How to complete this task -
Beneath this task are records; print exactly the stretch of them from the line with "Nr. 9 und 10." through the line with "Vesken er i", both ends included.

Material supplied -

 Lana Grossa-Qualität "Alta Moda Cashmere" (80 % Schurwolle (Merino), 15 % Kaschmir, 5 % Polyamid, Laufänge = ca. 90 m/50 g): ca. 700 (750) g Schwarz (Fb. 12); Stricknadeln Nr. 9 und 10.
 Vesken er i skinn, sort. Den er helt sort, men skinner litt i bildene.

==

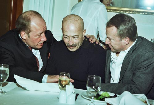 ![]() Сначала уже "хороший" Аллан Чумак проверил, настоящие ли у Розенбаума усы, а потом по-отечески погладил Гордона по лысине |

--

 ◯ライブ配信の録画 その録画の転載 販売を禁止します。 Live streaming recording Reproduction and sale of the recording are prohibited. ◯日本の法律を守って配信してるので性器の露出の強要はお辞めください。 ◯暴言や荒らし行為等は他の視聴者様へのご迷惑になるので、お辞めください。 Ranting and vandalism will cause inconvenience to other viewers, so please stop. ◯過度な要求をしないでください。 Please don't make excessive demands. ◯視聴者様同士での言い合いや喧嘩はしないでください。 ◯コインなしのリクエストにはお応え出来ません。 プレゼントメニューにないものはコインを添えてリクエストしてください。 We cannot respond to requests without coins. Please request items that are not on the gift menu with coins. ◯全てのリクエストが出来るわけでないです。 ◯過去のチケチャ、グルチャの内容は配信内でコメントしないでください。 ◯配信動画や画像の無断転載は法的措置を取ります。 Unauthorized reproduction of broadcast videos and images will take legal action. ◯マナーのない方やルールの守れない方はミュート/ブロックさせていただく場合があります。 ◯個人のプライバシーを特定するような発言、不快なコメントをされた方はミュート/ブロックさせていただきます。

Expected answer -
 Lana Grossa-Qualität "Alta Moda Cashmere" (80 % Schurwolle (Merino), 15 % Kaschmir, 5 % Polyamid, Laufänge = ca. 90 m/50 g): ca. 700 (750) g Schwarz (Fb. 12); Stricknadeln Nr. 9 und 10.
 Vesken er i skinn, sort. Den er helt sort, men skinner litt i bildene.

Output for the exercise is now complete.